INTERVIEW

C+

The first of three films of the late Theo van Gogh scheduled to be remade in English as a tribute to the Dutch director killed in 2004 by an Islamic extremist, Steve Buscemi’s “Interview” is basically a two-hander that comes across like a one-act off-Broadway play that’s wandered onto the movie screen. In this format it’s a sporadically amusing talkathon, but a pretty shallow and forgettable one.

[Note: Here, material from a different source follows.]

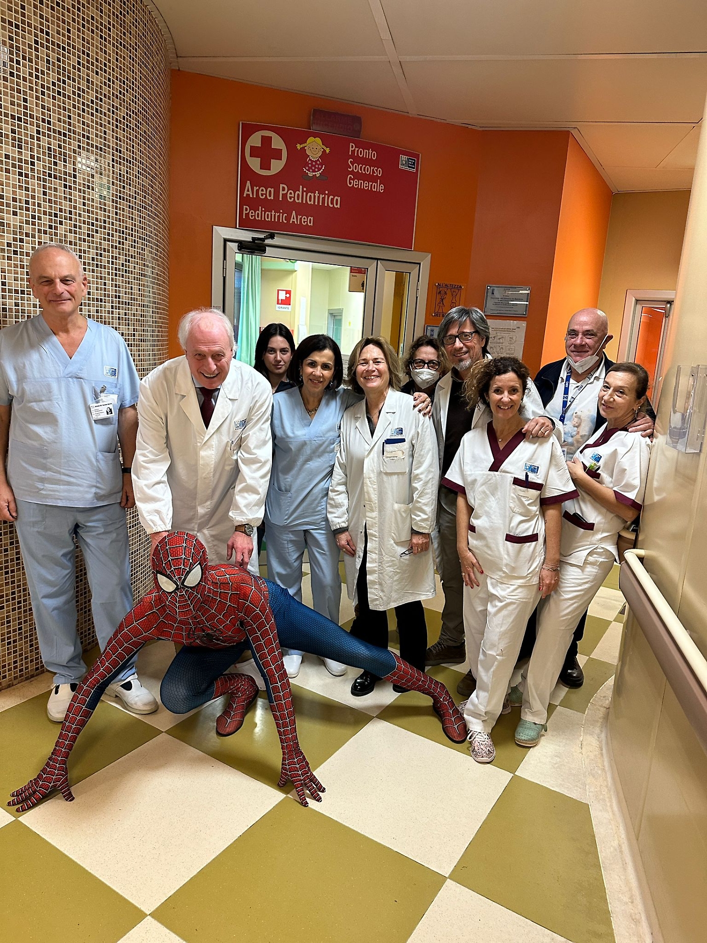 Il supereroe ha fatto visita nel reparto, negli ambulatori e al Pronto soccorso pediatrico e si è intrattenuto con i piccoli pazienti scambiando battute e prestandosi a fotografie ricordo.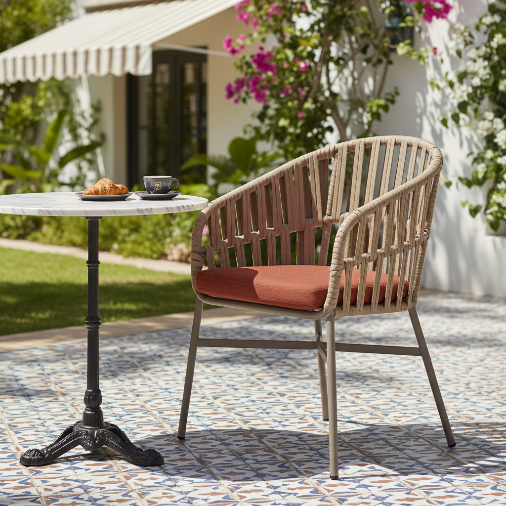 Bu modern örme kollu sandalye ile dış mekanlarınıza zarafet ve konfor katın. Dayanıklı metal iskeleti ve şık örme detayları, uzun süreli kullanım için ideal bir denge sunar. Balkonunuzda, terasınızda veya bahçenizde keyifli anlar yaratmak için tasarlanmıştır, turuncu kumaş minderi ise sıcak bir dokunuş ekler.

The set-up has arrogant reporter Pierre Peders (Buscemi) moved off his usual political beat to profile Katya (Sienna Miller), a single-name bombshell who’s a superstar by reason of her role in an “Sex and the City”-style TV show and a bunch of crummy movies. Angry about the assignment, which has taken him off a big scandal brewing in Washington, and contemptuous of the world that Katya inhabits, Pierre stews over being kept waiting for her in a restaurant and, when Katya arrives, quickly makes it clear that he’s totally ignorant of her work and despises everything she represents.

Not surprisingly, the interview breaks up quickly, but when Pierre is slightly injured in an accident afterward, Katya takes him to her nearby loft for a cold compress and the two begin talking more seriously, sparring the night away under the influence of booze and drugs and eventually revealing what appear to be their deepest secrets to one another. Of course, as in “Who’s Afraid of Virginia Woolf?”—the touchstone in this kind of picture—people may be playing with one another and all may not be what it seems. And in a game of one-upmanship, somebody has to come out on top.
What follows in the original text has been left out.